## Work request
Although the records include pictures, the copy should not; write out exactly the lines from the first through the line with "Лодка изготовлена из".

## Entries supplied
■ ■ ■

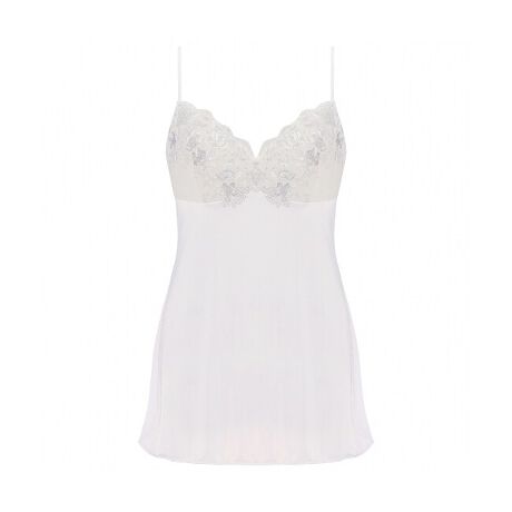 月の女神の恋心に呼応して夜露を輝かせて咲く、艶やかな花々を表現。夜露のきらめきにはラメ糸使いのプリントエンブレース(プリントした刺しゅうレース)と、星座をなぞったようなアップリケを組み合わせたレースです。
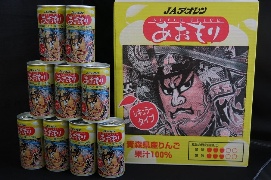 青森県産りんご果汁100%のジュースです。缶のデザインは、「ねぶた」がモチーフの人気商品。
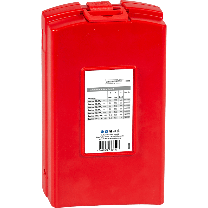 Der fischer Hammerbohrer Quattric II ist ein Hochleistungsbohrer mit SDS-Plus-Aufnahme. Der Hartmetallkopf und das neue zweiteilige Wendel Design ermöglichen ein schnelleres Bohren und erhöhen die Standzeit. Seine Armierungsphasen verhindern das Einhaken in Armierungen. Der Bohrer ist perfekt geeignet für zulassungskonforme Bohrlöcher gemäß PGM.
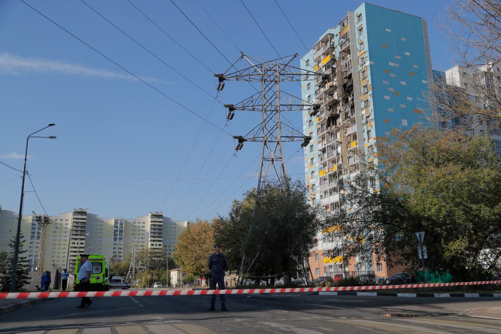 這是2024年9月10日在俄羅斯莫斯科州拉緬斯科耶拍攝的在無人機(jī)襲擊中受損的建筑。新華社發(fā)(亞歷山大攝)
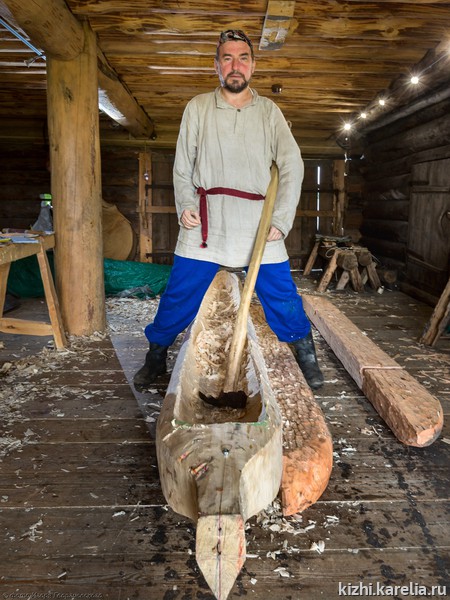 Лодка изготовлена из ствола осины по образцу из коллекции музея. Изображения таких лодок встречаются еще на Онежских петроглифах, которые датируются VI-III тысячелетием до нашей эры. До конца сезона Геннадий планирует сделать еще одну лодку. Изготовленные им лодки останутся в музее.
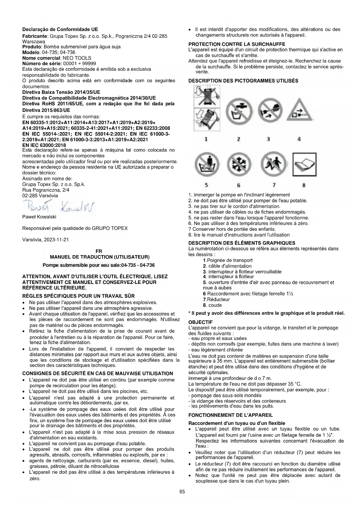 Les piles / batteries rechargeables ne doivent pas être jetées dans les ordures ménagères, ni dans le feu ou dans l'eau. Les piles endommagées ou usagées doivent être recyclées conformément à la directive en vigueur sur l'élimination des piles et des accumulateurs. "Grupa Topex Spółka z ograniczoną odpowiedzialnością" Spółka komandytowa, dont le siège social est situé à Varsovie, ul. Pograniczna 2/4 (ci-après : "Grupa Topex") informe que tous les droits d'auteur sur le contenu de ce manuel (ci-après : "Manuel"), y compris, entre autres. Son texte, ses photographies, ses diagrammes, ses dessins, ainsi que sa composition, appartiennent exclusivement à Grupa Topex et font l'objet d'une protection juridique en vertu de la loi du 4 février 1994 sur le droit d'auteur et les droits connexes (Journal officiel 2006 n° 90 Poz. 631, telle que modifiée). La copie, le traitement, la publication, la modification à des fins commerciales de l'ensemble du manuel et de ses différents éléments, sans l'accord écrit de Grupa Topex, sont strictement interdits et peuvent entraîner des responsabilités civiles et pénales. Déclaration de conformité de l'UE Fabricant : Grupa Topex Sp. z o.o. Sp.k., Pograniczna 2/4 02-285 Warszawa Produit : Pompe submersible pour eau sale Modèle : 04-735 ; 04-736 Nom commercial : NEO TOOLS Numéro de série : 00001 ÷ 9999968 Cette déclaration de conformité est délivrée sous la seule responsabilité du fabricant. Le produit décrit ci-dessus est conforme aux documents suivants : Directive basse tension 2014/35/EU Directive sur la compatibilité électromagnétique 2014/30/EU Directive RoHS 2011/65/EU modifiée par la directive 2015/863/EU Et répond aux exigences des normes : EN 60335-1:2012+A11:2014+A13:2017+A1:2019+A2:2019+ A14:2019+A15:2021 ; 60335-2-41:2021+A11:2021 ; EN 62233:2008 EN IEC 55014-:2021 ; EN IEC 55014-2:2021 ; EN IEC 61000-3- 2:2019+A1:2021 ; EN 61000-3-3:2013+A1:2019+A2:2021 EN IEC 63000:2018 Cette déclaration ne concerne que la machine telle qu'elle est mise sur le marché et n'inclut pas les composants ajoutés par l'utilisateur final ou effectués par lui ultérieurement. Nom et adresse de la personne résidant dans l'UE autorisée à préparer le dossier technique : Signé au nom de : Grupa Topex Sp. z o.o. Sp.k. 2/4 rue Pograniczna 02-285 Varsovie Paweł Kowalski GROUPE TOPEX Responsable de la qualité Varsovie, 2023-11-21

■ ■ ■

## Solution
 月の女神の恋心に呼応して夜露を輝かせて咲く、艶やかな花々を表現。夜露のきらめきにはラメ糸使いのプリントエンブレース(プリントした刺しゅうレース)と、星座をなぞったようなアップリケを組み合わせたレースです。
 青森県産りんご果汁100%のジュースです。缶のデザインは、「ねぶた」がモチーフの人気商品。
 Der fischer Hammerbohrer Quattric II ist ein Hochleistungsbohrer mit SDS-Plus-Aufnahme. Der Hartmetallkopf und das neue zweiteilige Wendel Design ermöglichen ein schnelleres Bohren und erhöhen die Standzeit. Seine Armierungsphasen verhindern das Einhaken in Armierungen. Der Bohrer ist perfekt geeignet für zulassungskonforme Bohrlöcher gemäß PGM.
 這是2024年9月10日在俄羅斯莫斯科州拉緬斯科耶拍攝的在無人機(jī)襲擊中受損的建筑。新華社發(fā)(亞歷山大攝)
 Лодка изготовлена из ствола осины по образцу из коллекции музея. Изображения таких лодок встречаются еще на Онежских петроглифах, которые датируются VI-III тысячелетием до нашей эры. До конца сезона Геннадий планирует сделать еще одну лодку. Изготовленные им лодки останутся в музее.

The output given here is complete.